__Records provided__:
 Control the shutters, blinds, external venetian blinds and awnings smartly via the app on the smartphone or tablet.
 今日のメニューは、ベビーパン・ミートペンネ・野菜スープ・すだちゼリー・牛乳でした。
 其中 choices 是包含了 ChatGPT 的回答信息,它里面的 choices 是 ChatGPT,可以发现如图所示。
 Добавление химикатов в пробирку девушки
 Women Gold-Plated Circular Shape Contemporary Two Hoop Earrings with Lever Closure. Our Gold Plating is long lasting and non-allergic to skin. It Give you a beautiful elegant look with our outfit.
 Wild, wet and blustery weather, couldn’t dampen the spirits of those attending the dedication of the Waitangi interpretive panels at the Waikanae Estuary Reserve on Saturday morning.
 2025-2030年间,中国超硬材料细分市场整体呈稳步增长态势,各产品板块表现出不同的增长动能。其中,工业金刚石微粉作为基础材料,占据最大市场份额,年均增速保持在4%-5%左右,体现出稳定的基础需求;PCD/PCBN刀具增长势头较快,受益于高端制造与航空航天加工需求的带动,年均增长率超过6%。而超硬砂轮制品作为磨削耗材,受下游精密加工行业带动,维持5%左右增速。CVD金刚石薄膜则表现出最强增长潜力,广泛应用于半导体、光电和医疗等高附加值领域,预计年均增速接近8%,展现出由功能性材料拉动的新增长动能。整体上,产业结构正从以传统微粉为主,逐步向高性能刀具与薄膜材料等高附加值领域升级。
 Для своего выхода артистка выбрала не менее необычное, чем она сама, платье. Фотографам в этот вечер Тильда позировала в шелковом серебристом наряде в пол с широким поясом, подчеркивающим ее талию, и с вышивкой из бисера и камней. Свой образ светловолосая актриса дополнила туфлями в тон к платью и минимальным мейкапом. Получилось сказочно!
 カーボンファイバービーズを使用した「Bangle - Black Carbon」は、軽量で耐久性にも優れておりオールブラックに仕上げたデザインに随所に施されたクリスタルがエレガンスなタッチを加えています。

==

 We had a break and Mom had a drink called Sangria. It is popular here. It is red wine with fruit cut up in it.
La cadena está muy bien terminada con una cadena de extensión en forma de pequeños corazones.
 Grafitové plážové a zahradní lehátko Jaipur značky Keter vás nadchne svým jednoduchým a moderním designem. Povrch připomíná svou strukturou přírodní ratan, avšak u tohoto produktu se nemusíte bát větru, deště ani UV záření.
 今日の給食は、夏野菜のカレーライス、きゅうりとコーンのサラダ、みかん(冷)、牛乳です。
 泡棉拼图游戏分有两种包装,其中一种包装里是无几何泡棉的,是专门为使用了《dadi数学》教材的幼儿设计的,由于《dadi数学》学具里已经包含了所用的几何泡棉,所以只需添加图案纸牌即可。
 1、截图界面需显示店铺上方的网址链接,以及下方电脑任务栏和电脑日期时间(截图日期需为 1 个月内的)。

==

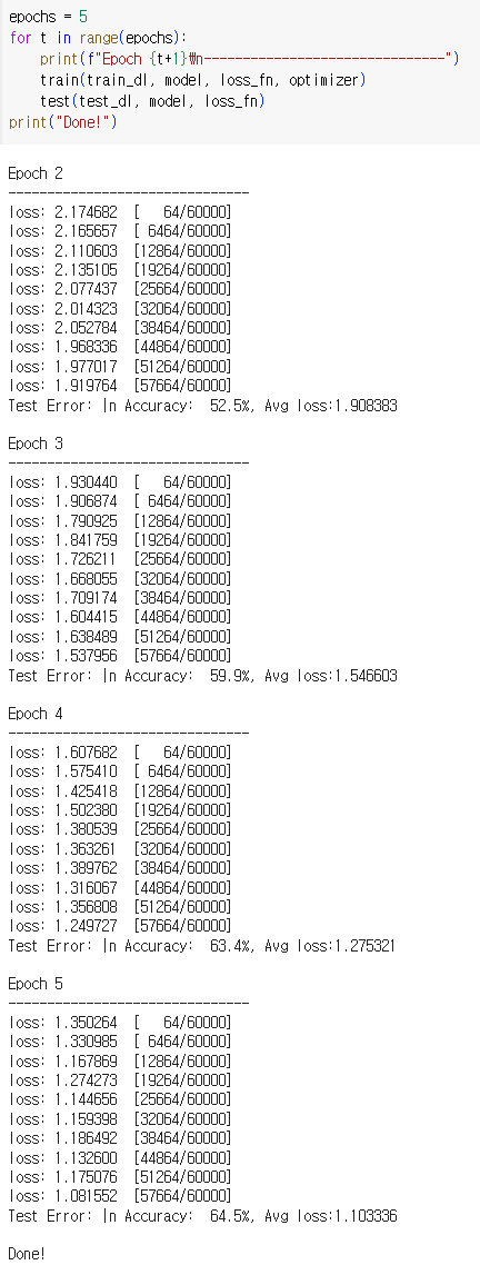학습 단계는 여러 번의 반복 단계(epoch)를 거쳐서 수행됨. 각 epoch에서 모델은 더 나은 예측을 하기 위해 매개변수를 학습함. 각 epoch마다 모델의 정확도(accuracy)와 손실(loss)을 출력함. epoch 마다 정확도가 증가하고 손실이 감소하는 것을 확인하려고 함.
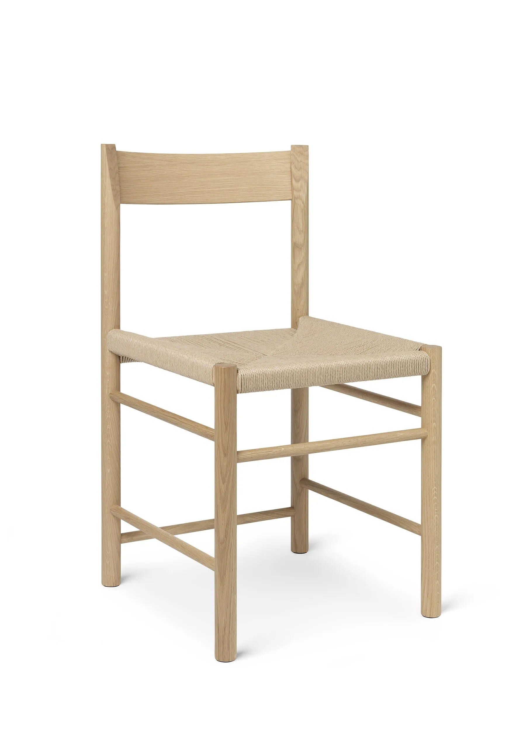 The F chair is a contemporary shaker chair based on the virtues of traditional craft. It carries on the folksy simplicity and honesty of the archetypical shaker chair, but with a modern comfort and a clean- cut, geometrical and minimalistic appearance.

__What the task asks__:
Scan the entries above for the line containing "Control the shutters, blinds, external", and copy it and all lines after it exactly, down to and including the line containing "カーボンファイバービーズを使用した「Bangle - Black".

__Response__:
 Control the shutters, blinds, external venetian blinds and awnings smartly via the app on the smartphone or tablet.
 今日のメニューは、ベビーパン・ミートペンネ・野菜スープ・すだちゼリー・牛乳でした。
 其中 choices 是包含了 ChatGPT 的回答信息,它里面的 choices 是 ChatGPT,可以发现如图所示。
 Добавление химикатов в пробирку девушки
 Women Gold-Plated Circular Shape Contemporary Two Hoop Earrings with Lever Closure. Our Gold Plating is long lasting and non-allergic to skin. It Give you a beautiful elegant look with our outfit.
 Wild, wet and blustery weather, couldn’t dampen the spirits of those attending the dedication of the Waitangi interpretive panels at the Waikanae Estuary Reserve on Saturday morning.
 2025-2030年间,中国超硬材料细分市场整体呈稳步增长态势,各产品板块表现出不同的增长动能。其中,工业金刚石微粉作为基础材料,占据最大市场份额,年均增速保持在4%-5%左右,体现出稳定的基础需求;PCD/PCBN刀具增长势头较快,受益于高端制造与航空航天加工需求的带动,年均增长率超过6%。而超硬砂轮制品作为磨削耗材,受下游精密加工行业带动,维持5%左右增速。CVD金刚石薄膜则表现出最强增长潜力,广泛应用于半导体、光电和医疗等高附加值领域,预计年均增速接近8%,展现出由功能性材料拉动的新增长动能。整体上,产业结构正从以传统微粉为主,逐步向高性能刀具与薄膜材料等高附加值领域升级。
 Для своего выхода артистка выбрала не менее необычное, чем она сама, платье. Фотографам в этот вечер Тильда позировала в шелковом серебристом наряде в пол с широким поясом, подчеркивающим ее талию, и с вышивкой из бисера и камней. Свой образ светловолосая актриса дополнила туфлями в тон к платью и минимальным мейкапом. Получилось сказочно!
 カーボンファイバービーズを使用した「Bangle - Black Carbon」は、軽量で耐久性にも優れておりオールブラックに仕上げたデザインに随所に施されたクリスタルがエレガンスなタッチを加えています。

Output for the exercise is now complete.